Prior Authorization Tool

DISCLAIMER: All attempts are made to provide the most current information on the Prior Authorization Search Tool. However, this does NOT guarantee payment. Payment of claims is dependent on eligibility, covered benefits, provider contracts, correct coding and billing practices. For specific details, please refer to the Provider Manual on the Provider Materials page. If you are uncertain that prior authorization is needed, please submit a request for an accurate response.


Non-participating providers in El Paso Health’s network must submit a prior authorization form for all services (some exceptions exist, see below).

Emergent services do not require prior authorization.

Inpatient services require notification within 24-hours of admission.
Prior to submitting requests for the following services:

Medicaid Members

  • Family Planning services with a contraceptive management diagnosis do not require an authorization whether the Provider is In-Network or Out-of-Network.

CHIP Members

  • Family Planning services with a contraceptive management diagnosis are not a benefit.
  • THSteps checkups do not require an authorization whether Provider is In-Network or Out of Network.

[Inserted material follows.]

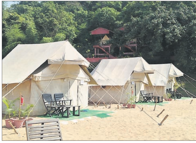
ସାତକୋଶିଆ ମହାନଦୀ ବିସ୍ତୀର୍ଣ୍ଣ ବାଲୁକା ଶଯ୍ୟାରେ ଟେଣ୍ଟ ନିର୍ମାଣ ଚାଲିଛି ।

List of Services that require Prior Authorization


To see a full list of services that require prior authorization visit our List of Services Requiring Prior Authorization page.

If the answer is yes to any of the following questions, please login to the Provider Portal to submit a prior authorization form or use the Texas Standard Prior Authorization Form for Health Care Services.

  • Are services being provided by an out-of-network Provider?
  • Is the member being admitted to an inpatient facility?
  • Is the member receiving oral surgery services?
  • Is the member receiving plastic and reconstructive surgeon services?
  • Is the member receiving venous surgical procedures?